I love it, I really do, but I’m also sane enough–or at least, I think I’m sane enough–to realize that it’s also a little bit nuts.
Then again, I’m editing photographs of mushrooms at 11 o’clock at night, so clearly that realization hasn’t quite sunk in just yet.
Instead let’s just talk about today’s recipe, shall we?
This mushroom barley soup (otherwise known as the third installment of soup week!) is incredibly hearty, thick, and rustic. It calls for a massive loaf of crusty bread–and maybe some chunks of good cheese on the side.
Unlike yesterday’s Thai coconut chicken noodle soup, which calls for some unusual ingredients, this recipe is a cinch to put together and the ingredient list is very simple and straight-forward.
The bulk of the soup comes from the addition of roughly chopped onion, carrots, celery, and barley. To make it extra time-friendly, this recipe calls for quick cooking, par boiled barley (which is available at Trader Joe’s and other supermarkets).
To make it extra decadent, I love to finish this soup off with a generous drizzle of white truffle oil. You can certainly choose to forgo this step if its cost prohibitive or you can’t find it, but it definitely helps take this soup to the next level!
Mushroom Barley Soup with White Truffle Oil
Ingredients
- 1 tablespoon extra virgin olive oil
- 1 tablespoon unsalted butter
- 1 medium onion, medium dice
- 3 cloves garlic, finely minced
- 1 teaspoon dried thyme
- 2-3 small carrots, medium dice (~1 cup)

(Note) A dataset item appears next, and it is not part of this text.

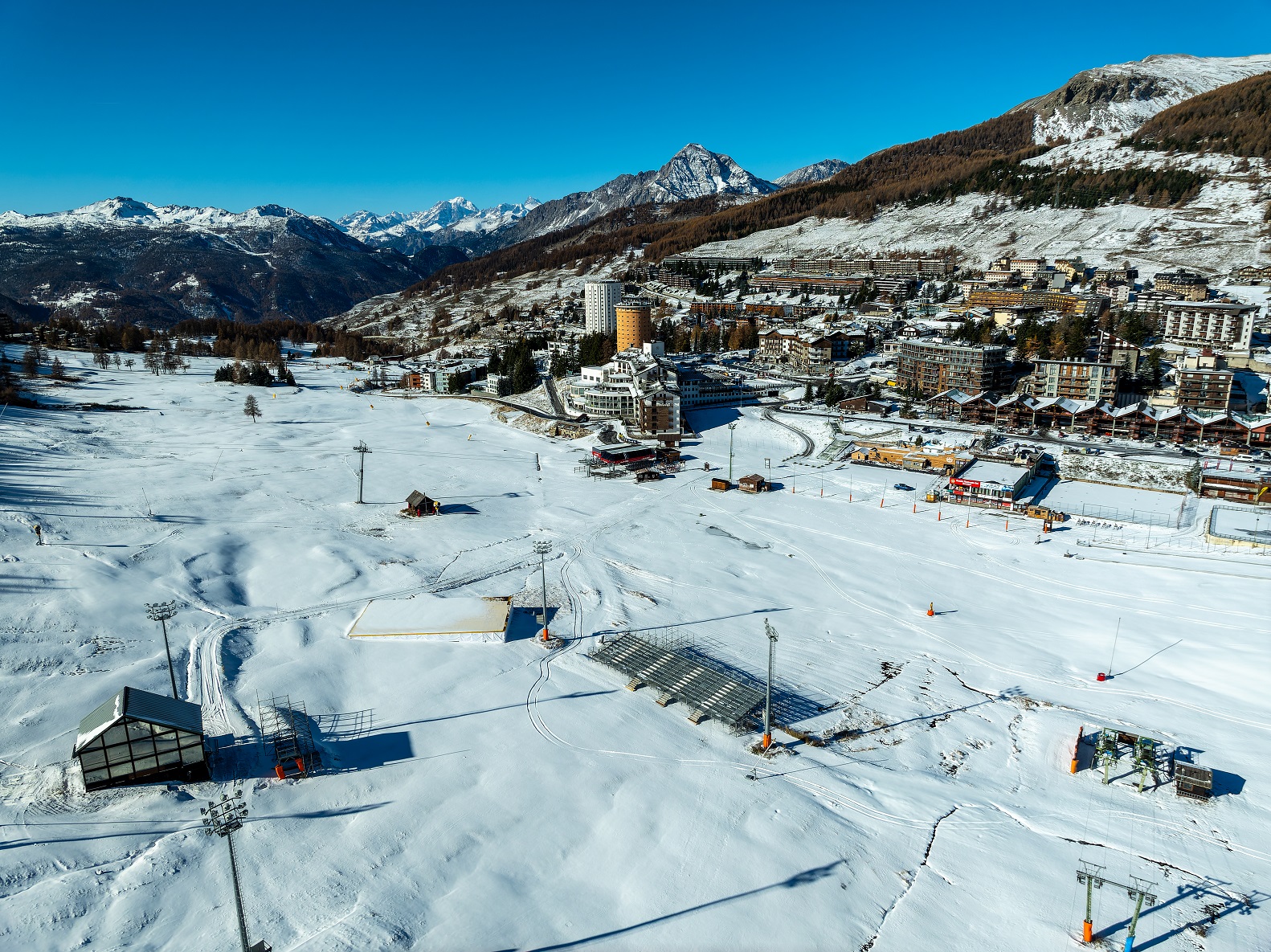 Dopo aver provveduto allo sfalcio dell’erba sui ripidi pendii della pista Kandahar Giovanni Alberto Agnelli, sono in fase di pre allestimento le strutture di base dedicate all’accoglienza nella zona che si affaccia sul parterre di arrivo. Nello specifico: una tribuna da oltre 750 posti, l’area hospitality al coperto ed altre strutture di servizio nonché le varie postazioni dedicate alla produzione televisiva che garantirà un’ampia copertura internazionale dell’evento.

- 2-3 stalks celery, medium dice (~1 cup)
- 1 lb. (16 ounces) baby bella mushrooms, stems trimmed, halved and sliced
- 1/4 cup dry sherry
- 1 cup par-cooked pearled barley
- 5 cups chicken stock
- leftover parmesan rinds (optional)
- 1 teaspoon freshly squeezed lemon juice
- 1 tablespoon white truffle oil
- kosher salt
- freshly ground black pepper
Instructions
- Heat oil and butter in a large soup pot over medium-low heat. Add onions and cook for 5 minutes, stirring frequently, until onions are soft and translucent.
- Add garlic and continue cooking for an additional 1-2 minutes, stirring frequently. Add dried thyme.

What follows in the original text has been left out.